Cengkeh untuk Maag

Cengkeh (Syzygium aromaticum) untuk Maag, list studi klinis, kajian ilmiah, meta-analisis dan literatur.

Studi Klinis & Meta-Analisis

  1. Efek Protektif Ekstrak Bunga Cengkeh (Syzygium aromaticum) terhadap Tukak Lambung pada Tikus yang Diinduksi Etanol

    Tahun:
    2018
    Tipe:
    Studi Eksperimental (in vivo)
    Sampel:
    30 tikus Wistar jantan, berat 180-200 g
    Dosis/Durasi:
    200 mg/kg BB per oral sekali sehari selama 7 hari sebelum induksi etanol
    Temuan:
    Pemberian ekstrak cengkeh dosis 200 mg/kg BB secara signifikan menurunkan indeks tukak dan meningkatkan kadar prostaglandin E2 serta aktivitas antioksidan.
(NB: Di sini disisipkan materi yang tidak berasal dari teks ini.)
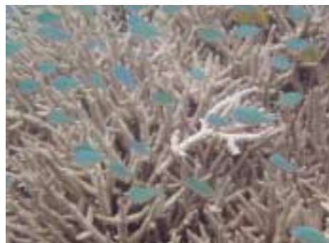
(上)エダサンゴに群れるスズメダイの一種。(沖縄・座間味島) (40ページ右上)イソギンチャクに隠れるハナヒラクマノミ。 (サイパン)

ベアのハマクマノミは、日本で見られる6種類 のクマノミの1つ。(沖縄・座間味島)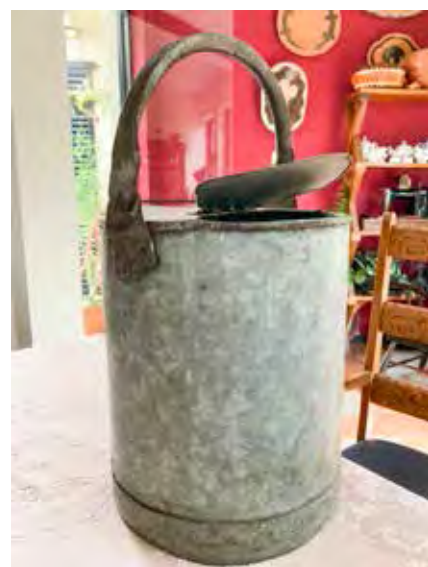
Balde onde os agueiros distribuíam água potável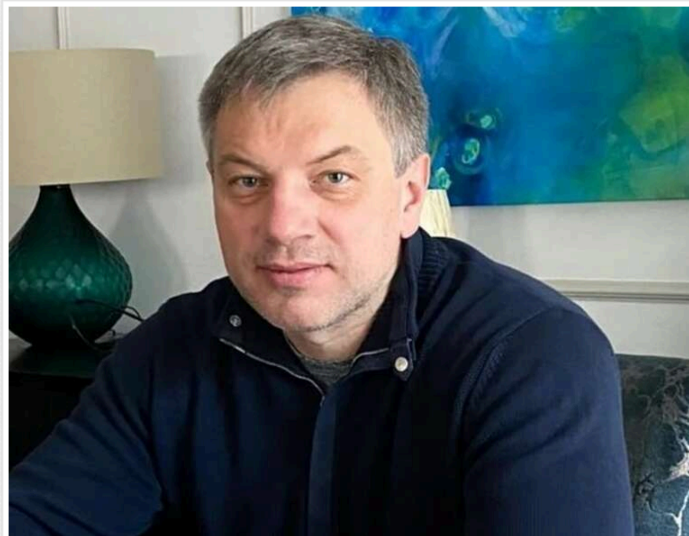
Неякісні міни та 3 мільярди збитків: суд відмовив компанії Андрія Дудника у зустрічному позові проти Міноборони

Читати на руском Read in English Додати як бажане джерело в Google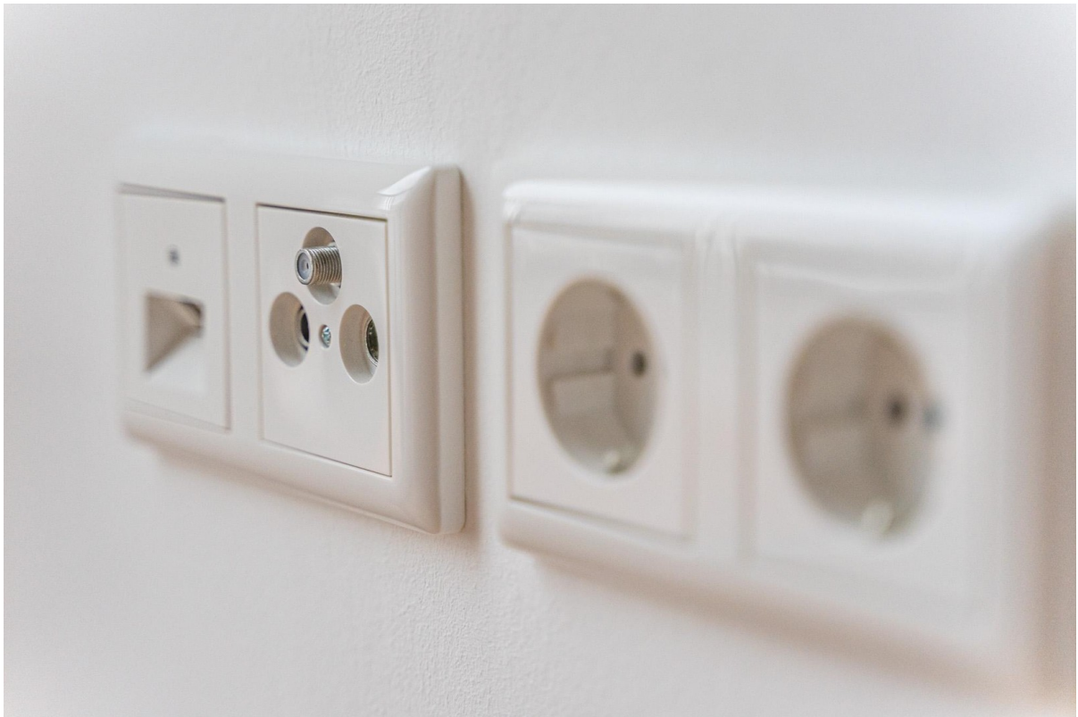
Medien in WZ und SZ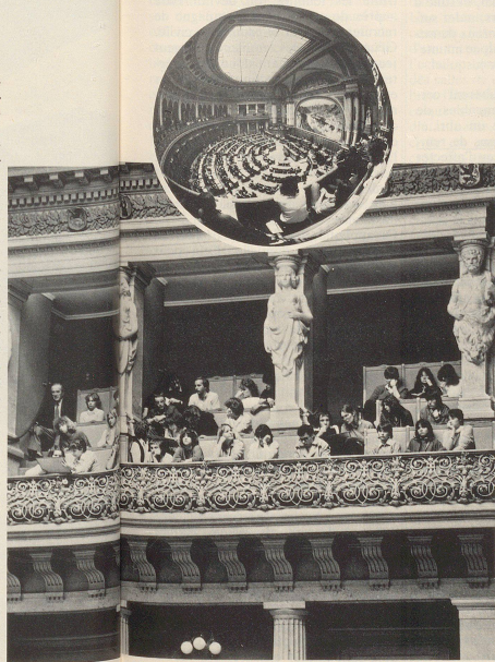
Zivilschutz 7/8 82

Des visiteurs intéressés assistent depuis la tribune aux débats sur la protection civile dans la salle du Conseil national.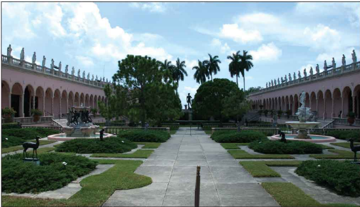
Jour 16, Ringling Museum of Art à Sarasota, FL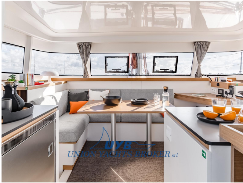
Excess 11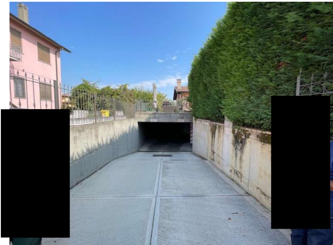
Rampa di Accesso al Piano Semi-interrato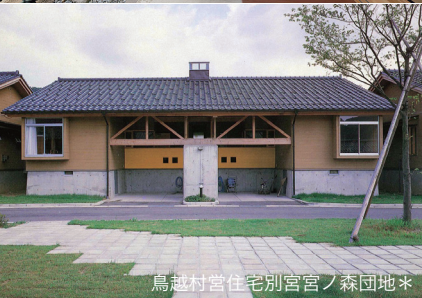
鳥越村宮住宅別宮宮ノ森団地*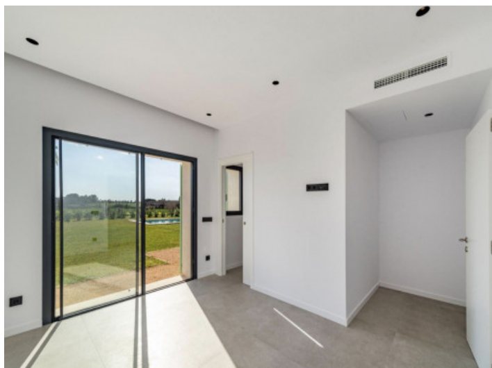
Segundo dormitorio en la planta baja a la derecha, con nicho para armario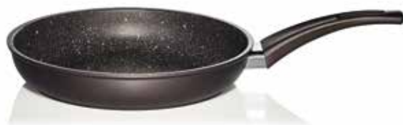
Τηγάνι Stone Chef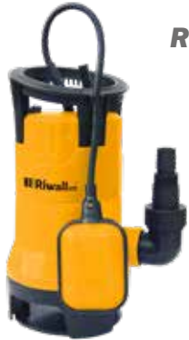
REP 750 Riwall univerzális búvár szennyvízszivattyú 750 W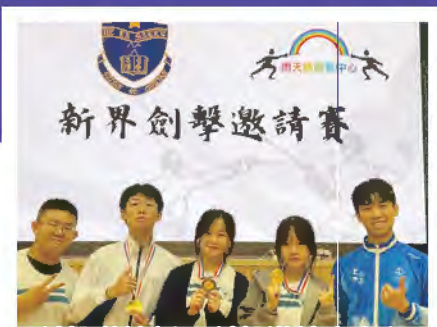
劍擊隊於新界劍擊邀請賽奪得 女子乙組重劍冠軍、 季軍及男子丙組重劍冠軍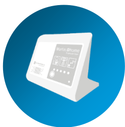
Transmetteur de chevet

Le transmetteur est le moyen de communication entre votre dispositif cardiaque et le système de télécadiologie. Celui-ci peut prendre la forme d'un objet physique , appelé transmetteur de chevet , ou d'une application mobile sur smartphone .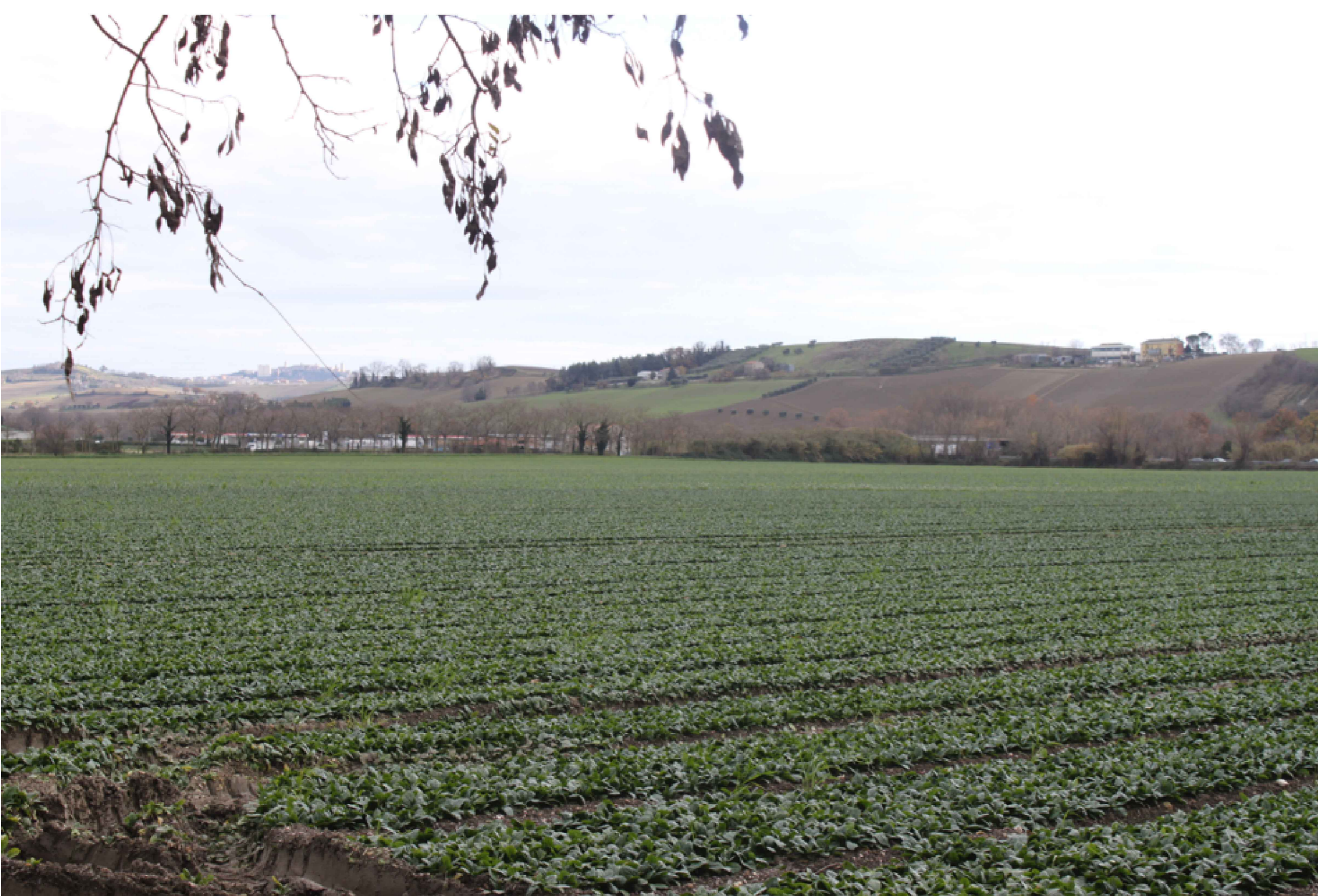
Punto di ripresa P.03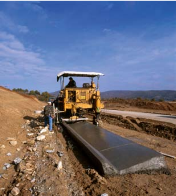
Κατασκευή νέας οδικής αρτηρίας μεταξύ Ελλάδας και Βουλγαρίας.

του ορίου χιονοκάλυψης). Η διαπεριφερειακή συνιστώσα (σκέλος Γ) συνενώνει και τα 27 κράτη μέλη της ΕΕ συν τη Νορβηγία και την Ελβετία. Αν εμείς οι Ευρωπαίοι θέλουμε πράγματι να διδαχθούμε ο ένας από τον άλλο και να πάψουμε να εφευρίσκουμε τον τροχό ξανά και ξανά, τότε το σκέλος Γ έχει πολλά να μας προσφέρει.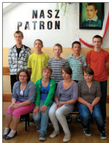
I Lokalny Zespół projektowy

W minionym roku szkolnym klasa pierwsza realizowała dwa projekty: „Zdrowi – nie tylko duchem” oraz „Świadomość ekologiczna kluczem do sukcesu”. Każdy zespół projektowy składał się z 12 uczniów. Opiekunami działań projek-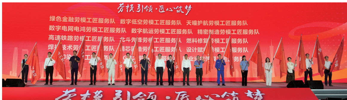
“劳模工匠进万企 助力现代化产业体系建设”专项行动启动仪式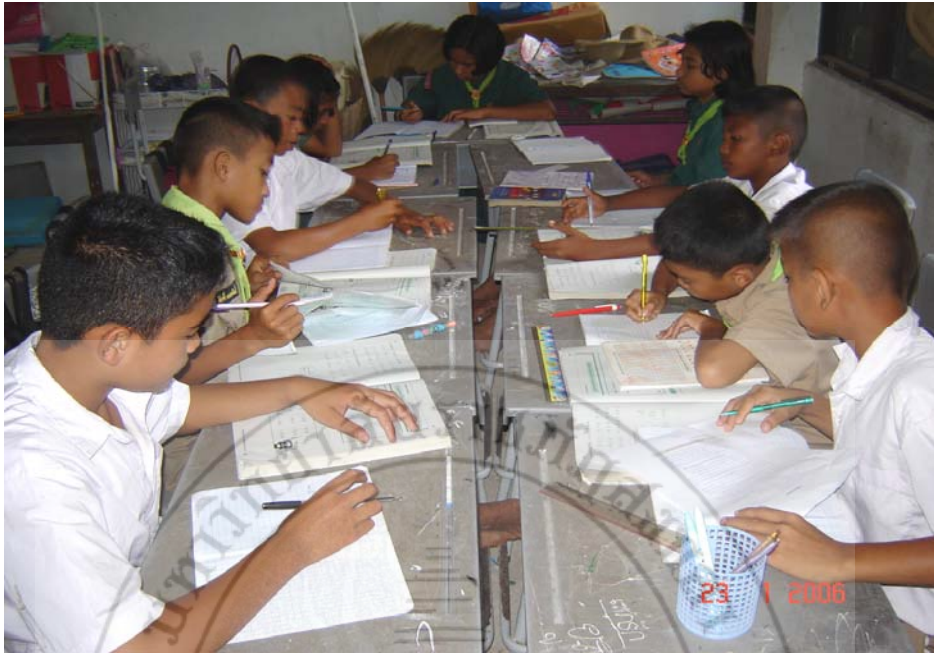
ระเบียบวินัยในการเรียน

Efek protektif sebanding dengan omeprazol.
  2. Aktivitas Antibakteri Ekstrak Cengkeh terhadap Helicobacter pylori Isolat Klinis

    Tahun:
    2015
    Tipe:
    Studi In Vitro
    Sampel:
    20 isolat klinis H. pylori dari pasien maag kronis
    Dosis/Durasi:
    Konsentrasi ekstrak 0,125–2 mg/mL, inkubasi 24 jam pada suhu 37°C
    Temuan:
    Ekstrak metanol cengkeh menunjukkan aktivitas bakterisidal dengan MIC 0,5–1,0 mg/mL terhadap semua isolat. Eugenol diidentifikasi sebagai senyawa aktif utama.
  3. Efek Suplementasi Minyak Cengkeh pada Gejala Dispepsia Fungsional: Uji Klinis Acak Tersamar Ganda

    Tahun:
    2021
    Tipe:
    RCT (Randomized Controlled Trial)
    Sampel:
    60 pasien dispepsia fungsional (18–65 tahun, tanpa ulkus endoskopi)
    Dosis/Durasi:
    150 mg minyak cengkeh (setara 0,3 mL) dua kali sehari setelah makan, selama 4 minggu
    Temuan:
    Kelompok yang menerima 150 mg minyak cengkeh dua kali sehari selama 4 minggu mengalami penurunan skor gejala dispepsia sebesar 42% dibandingkan plasebo (18%). Tidak ada efek samping serius yang dilaporkan.
  4. Meta-Analisis Efek Tanaman Obat Famili Myrtaceae terhadap Tukak Lambung: Fokus pada Cengkeh dan Kayu Manis

    Tahun:
    2022
    Tipe:
    Meta-Analisis
    Sampel:
    12 studi hewan (total 540 tikus) dengan model induksi tukak
    Dosis/Durasi:
    Variasi dosis 100–400 mg/kg BB per oral, durasi 3–14 hari sebelum induksi
    Temuan:
    Cengkeh secara signifikan menurunkan indeks tukak dengan standardized mean difference -2,1 (95% CI -3,0 hingga -1,2) dibandingkan kontrol. Heterogenitas rendah (I² = 32%).
  5. Systematic Review: Peran Eugenol dalam Pencegahan dan Pengobatan Tukak Lambung

    Tahun:
    2020
    Tipe:
    Systematic Review
    Sampel:
    25 studi (in vitro, in vivo, dan klinis) yang memenuhi kriteria inklusi
    Dosis/Durasi:
    Tidak spesifik; rentang dosis eugenol dalam studi hewan 10–50 mg/kg BB
    Temuan:
    Eugenol menunjukkan mekanisme protektif melalui aktivitas antioksidan, antiinflamasi, dan penghambatan sekresi asam lambung. Bukti klinis pada manusia masih terbatas, namun data preklinik mendukung potensi terapi.
  6. Uji Klinis Efek Kombinasi Ekstrak Cengkeh dan Madu terhadap Infeksi Helicobacter pylori pada Pasien Maag Kronis

    Tahun:
    2019
    Tipe:
    RCT (Randomized Controlled Trial)
    Sampel:
    80 pasien dengan maag kronis dan H. pylori positif (konfirmasi histologi dan CLO-test)
    Dosis/Durasi:
    500 mg ekstrak cengkeh (kapsul) + 20 g madu murni per oral setiap pagi, selama 14 hari
    Temuan:
    Kombinasi ekstrak cengkeh 500 mg/hari dan madu 20 g/hari selama 2 minggu mencapai eradikasi H. pylori sebesar 65%, lebih tinggi dari plasebo (20%, p<0,001). Gejala maag berkurang signifikan pada kelompok intervensi.